# Venison Neck Roasts Recipe/ Brine or not



## azbohunter (Jan 1, 2018)

I have a large venison neck roast that is thawing and I really want to smoke. Looking for help and do I brine or rub only? Have done a lot of searches without finding what I was looking for.


----------



## forkin pork (Jan 1, 2018)

Venison neck roast, this would be a first for me. However, I have done venison before, and I'm just thinking rubbing it.
Wish I could be more help, good luck


----------



## azbohunter (Jan 1, 2018)

I read a post somewhere a couple days ago where someone had done one with Lipton Onion soup mix as a rub, and then smoked it a few hours,  had it a pan and added some liquid, wrapped it and back in a few hours then pulled it. Can't find it for the life of me :(


----------



## yankee2bbq (Jan 1, 2018)

No brine.  Onion soup mix... yes. I have a recipe for the crock pot.  If interested pm me.


----------



## azbohunter (Jan 1, 2018)

I am doing the smoker but wouldn't mind seeing your recipe for crock pot.


----------



## azbohunter (Jan 1, 2018)

I decided I am going to try this recipe and see what happens. Neck should work as well as a shoulder I would think. I will smoke it a few hours first and then do the recipe.  I will post the results and some pictures hopefully!

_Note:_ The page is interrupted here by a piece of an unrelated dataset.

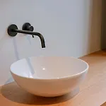 Il bagno comprende anche una cabina doccia e una lavatrice.

https://www.realtree.com/timber-2-table/smoked-venison-shoulder-barbacoa-recipe


----------



## azbohunter (Jan 2, 2018)

Found the recipe I was looking for, right under my nose in Wild Game section by Wrestler75

https://www.smokingmeatforums.com/threads/venison-neck-roast-to-die-for.271153/#post-1782180


----------



## azbohunter (Jan 3, 2018)

I have my venison neck roast in the smoker, actually be there for several hours now. I will do a post in 
*Wild Game* section with pictures when it is done.


----------